BOSTON (AP) - The next chapter in the national health care debate has yet to be written, but Republican Gov. Charlie Baker is already laying the groundwork for returning Massachusetts to key elements of the state’s 2006 universal health care law, which provided a blueprint for the Affordable Care Act.
Baker has taken steps in recent weeks including asking the Legislature to reinstate a version of the employer contribution that was part of the original state law, and urging congressional leaders in Washington to keep some provisions of the federal law, while offering states more flexibility to achieve their own health care goals.
The law signed by then-Republican Gov. Mitt Romney expanded the state’s Medicaid program, known as MassHealth; created publicly subsidized insurance coverage sold through the Massachusetts Health Connector; and imposed tax penalties on individuals who could afford to buy insurance but didn’t.
In the decade since, Massachusetts has boasted the highest rate of insured residents in the nation.
With President Donald Trump and the Republican-led Congress intent on repealing and replacing the federal law, analysts contend that falling back on “Romneycare” won’t be as easy as it may sound, even though much of the state law remains intact.
“I think there are financial issues and logistical issues,” said Jonathan Gruber, an MIT economist who served on the connector board and was a consultant to the Obama administration on the ACA. “It’s not as simple as snapping our fingers and saying, ’Let’s go back to Romneycare.”
If the federal government pulls back on Medicaid funding, the state could be forced to use its own financial resources to maintain current standards of coverage, further straining an already tight state budget. Gruber said it’s far too early to know the potential cost but speculated it could run into the hundreds of millions.
Baker drew the ire of some business groups by proposing that businesses with more than 10 employees that do not offer a health insurance benefit pay a $2,000-per-worker penalty. The 2006 law imposed a more modest $295-per-worker contribution and was repealed in 2013 in anticipation of a federal employer contribution that has yet to be implemented.

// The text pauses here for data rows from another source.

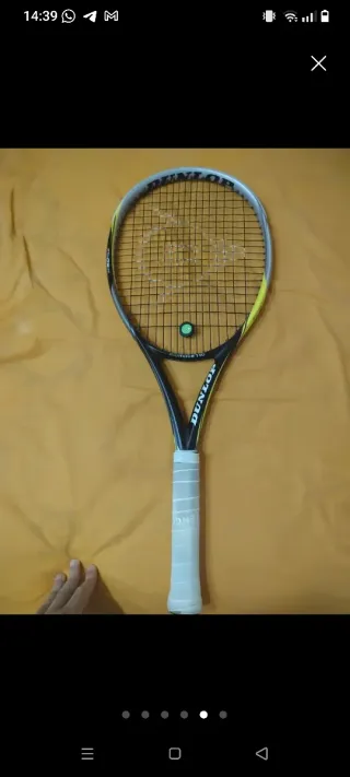 Raqueta de tenis con marco amarillo y blanco. - Cuerdas blancas. - Empuñadura negra. Apenas se ha usado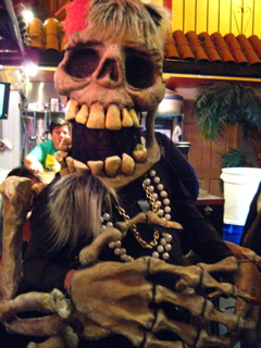 This old bird had real bones hanging off her mask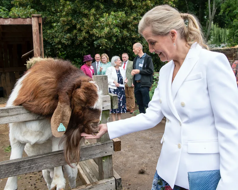 During the visit, she fed the animals and spoke to locals about their work in the English countryside location.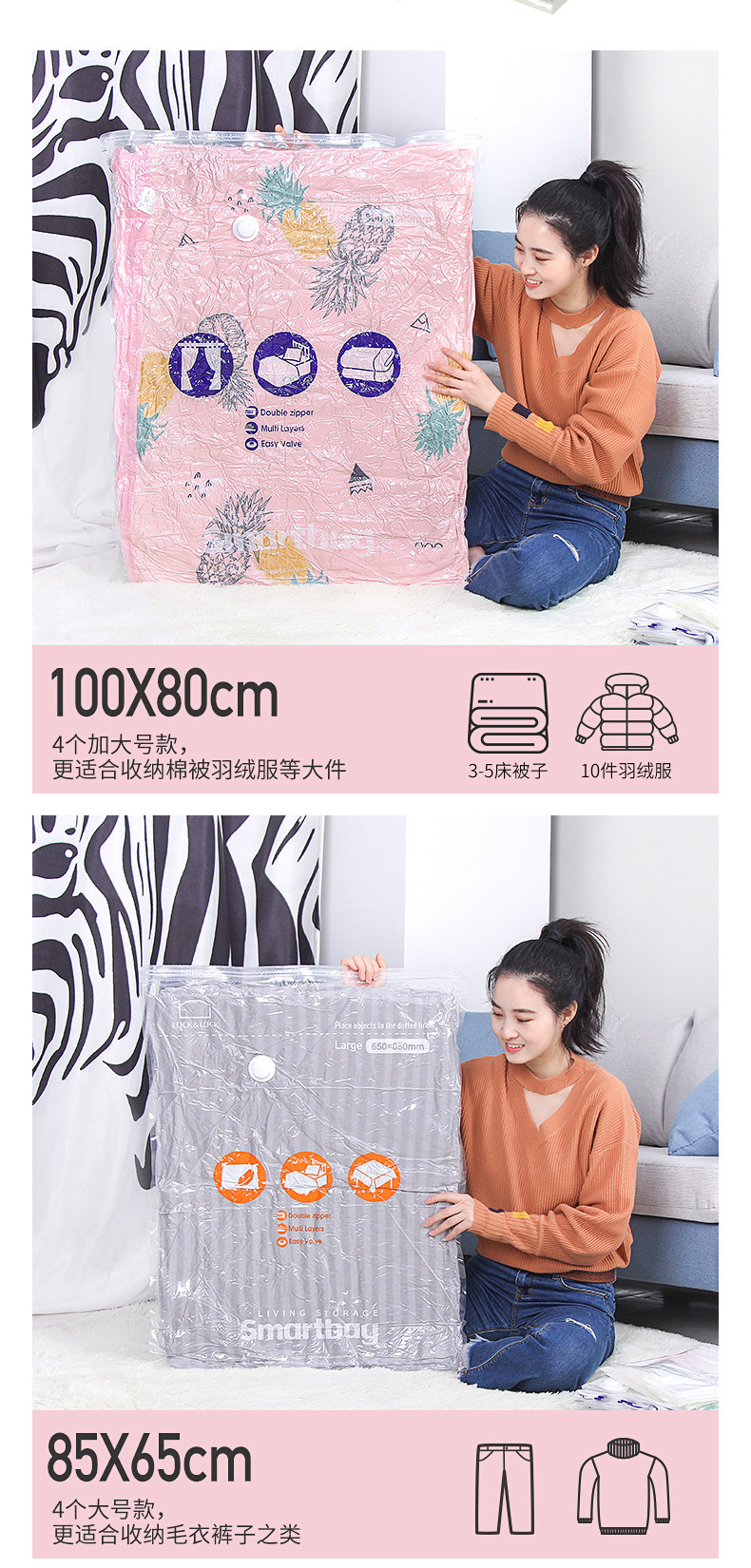Вакуумная сумка для хранения, одеяло, большой комплект, увеличенная толщина, 12 шт
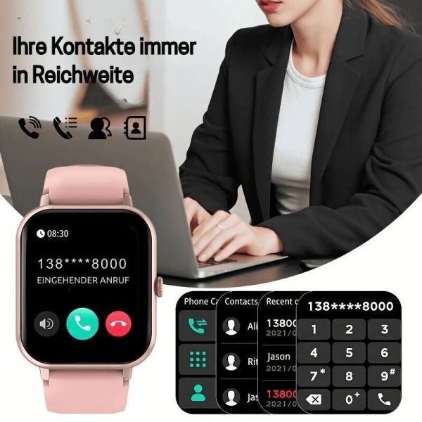 Ich trage die Uhr täglich. Sie sieht elegant aus und zeigt mir alles Wichtige auf einen Blick – Nachrichten, Anrufe und Schritte. Sehr praktisch im Alltag!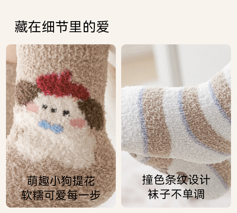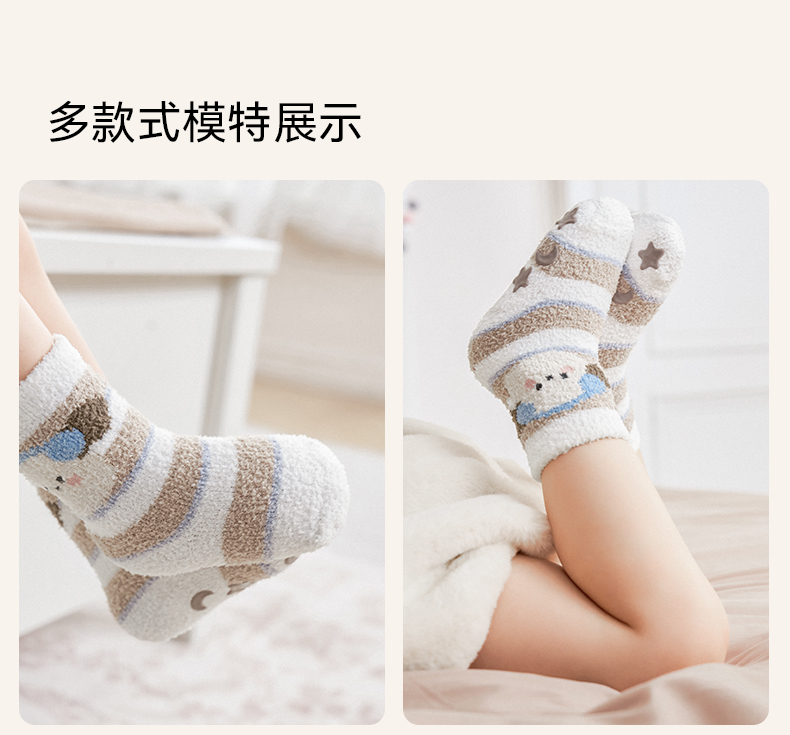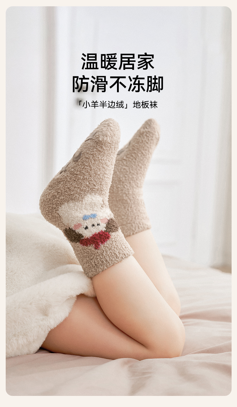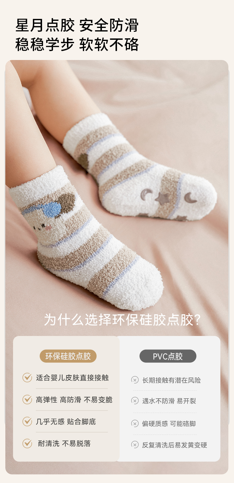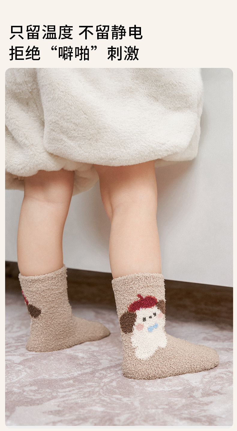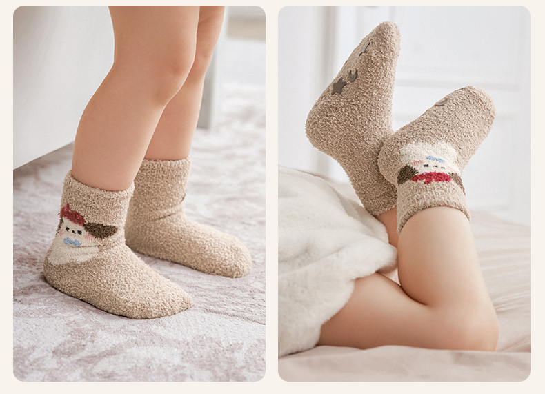 【婴童服配】嫚熙儿童袜子半边绒地板袜秋冬男女童宝宝婴儿防滑学步袜

The employer mandate is seen as helping address another issue vexing state budget planners: The increasing number of people both working are receiving Medicaid benefits from the state.
Under the Massachusetts health care law, workers offered health insurance coverage through their employer were ineligible for Medicaid.
“Federal law took away the firewall between employee-based coverage and MassHealth, and we have 300,000 to 400,000 people who have enrolled in MassHealth who are working, most of them full time, and many of them with access to coverage through their employers,” Baker said while announcing his state budget proposal last month.
He also sought to limit the growth of some rates charged by health care providers and impose a moratorium on new coverage mandates for Medicaid.
In his Jan. 11 letter to U.S. House Majority Leader Kevin McCarthy, a California Republican, Baker made a number of recommendations to congressional leaders weighing repeal and replacement, including providing states with “flexibility to meet the unique needs of their state’s population,” but without shifting cost burdens to states.
The governor warned against proposals for replacing the current federal Medicaid reimbursement system with lump sum payments to states, which he suggested could sharply reduce federal funding to Massachusetts.